→ **WHAT IS EXPECTED**
Please return every line of the material verbatim and skip any images.
[SUPPLIED DATA]
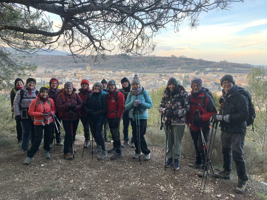 Nous étions 15 participants pour cette première randonnée de l’année 2026 au départ de Malemort-du-Comtat. Malgré un temps très hivernal au départ de Sérignan (températures glaciales et violent Mistral) le temps en arrivant sur Malemort était beaucoup plus clément car le vent ne soufflait pas là-bas et un beau soleil hivernal nous a accompagnés toute la journée.
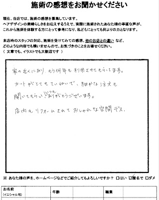 家の近くにありもう何年も利用させてもらっています。カットがとても丁寧で細かな注文も聞いてもらいいつもありがとうございます。店内もリフォームされておしゃれな空間です。
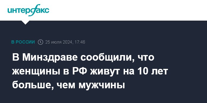 В Минздраве сообщили, что женщины в РФ живут на 10 лет больше, чем мужчины
[/SUPPLIED DATA]
→ **EXERCISE SOLUTION**
 Nous étions 15 participants pour cette première randonnée de l’année 2026 au départ de Malemort-du-Comtat. Malgré un temps très hivernal au départ de Sérignan (températures glaciales et violent Mistral) le temps en arrivant sur Malemort était beaucoup plus clément car le vent ne soufflait pas là-bas et un beau soleil hivernal nous a accompagnés toute la journée.
 家の近くにありもう何年も利用させてもらっています。カットがとても丁寧で細かな注文も聞いてもらいいつもありがとうございます。店内もリフォームされておしゃれな空間です。
 В Минздраве сообщили, что женщины в РФ живут на 10 лет больше, чем мужчины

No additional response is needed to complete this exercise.